Umair Gondal, GP trainee, says, “There are a few aspects to consider when asking a colleague to cover your shift for Christmas.

“Firstly, everyone deserves time off and that’s why a fair rota has been designed to cover the Christmas period, usually with just the essential staffing levels. Being mindful of your needs compared with others is important. For some people it may be their last Christmas with a loved one. Other people might not live close to their family and this might be the only chance they get to spend quality time with them.

“Secondly, think about what you’re able to offer in return if there’s someone available to cover your shift. Personally, I’ve always been open to swapping shifts for colleagues who would like Christmas off. This favour is usually repaid. The fairest way would be to arrange to cover an equivalent shift that the person you are asking would like to take off, for example for their birthday or a wedding. My fiancée and I planned our engagement far in advance, allowing time to organise a shift swap.

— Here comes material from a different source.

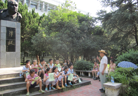 2014年8月1日上午9:00,首义路街千家街社区开展八一·青少年传统革命教育活动。活动特别邀请社区老革命郭万麟与社区12名青少年一起踏着热浪步行前往中南财经政法大学寻找革命先辈陈毅纪念碑。

I covered a colleague’s Christmas shift and in return they covered my on-call shift around my engagement day.

“Given the popularity of the Christmas period, arranging swaps with two to three months’ notice is easier than asking someone the week before. Christmas occurs every year at the same time—there’s no excuse for not planning ahead. Contacting your rota coordinator may help to identify colleagues who aren’t working on Christmas Day.

“Overall, planning early, identifying and contacting key people, and offering flexibility in return will help to increase your chances of arranging time off over Christmas.”

“Be prepared to offer something in return”

Salman Waqar, GP and academic research fellow at the Nuffield Department of Primary Care Health Sciences, University of Oxford, says, “Christmas Day is generally a pleasant day to work. For the most part, staff are suitably attired in jumpers, tinsel glitters in the halls, patients are desperate to stay at home, and the roads are quiet. Boxing Day is another story, but let’s ignore that.

“For doctors like me who don’t celebrate Christmas—but who’ll happily indulge in festive TV—it’s not much of an ask to cover a colleague’s shift. We just need plenty of notice—I’m talking the first week of August—so that we don’t end up getting roped into plans that we can’t get out of.

“I’ve found it works well to ask for festive swapsies: ‘If you cover my Christmas, I’ll do your Eid, Diwali, Rosh Hashana,’ works nicely. This can be a challenge for rotating junior doctors during short placements and those in small teams where someone is likely to come up short and be unable to repay the favour. The Christmas swap is a popular one, so be prepared to offer a bank holiday night shift in return to ward off the competition.

“Failing that, try and see if you can do a half day each, so at least you can have a Christmas brunch or dinner—even if it’s with reluctant flatmates and not family living far away. Ask your rota coordinator if you can tweak the timings so that it works for you.”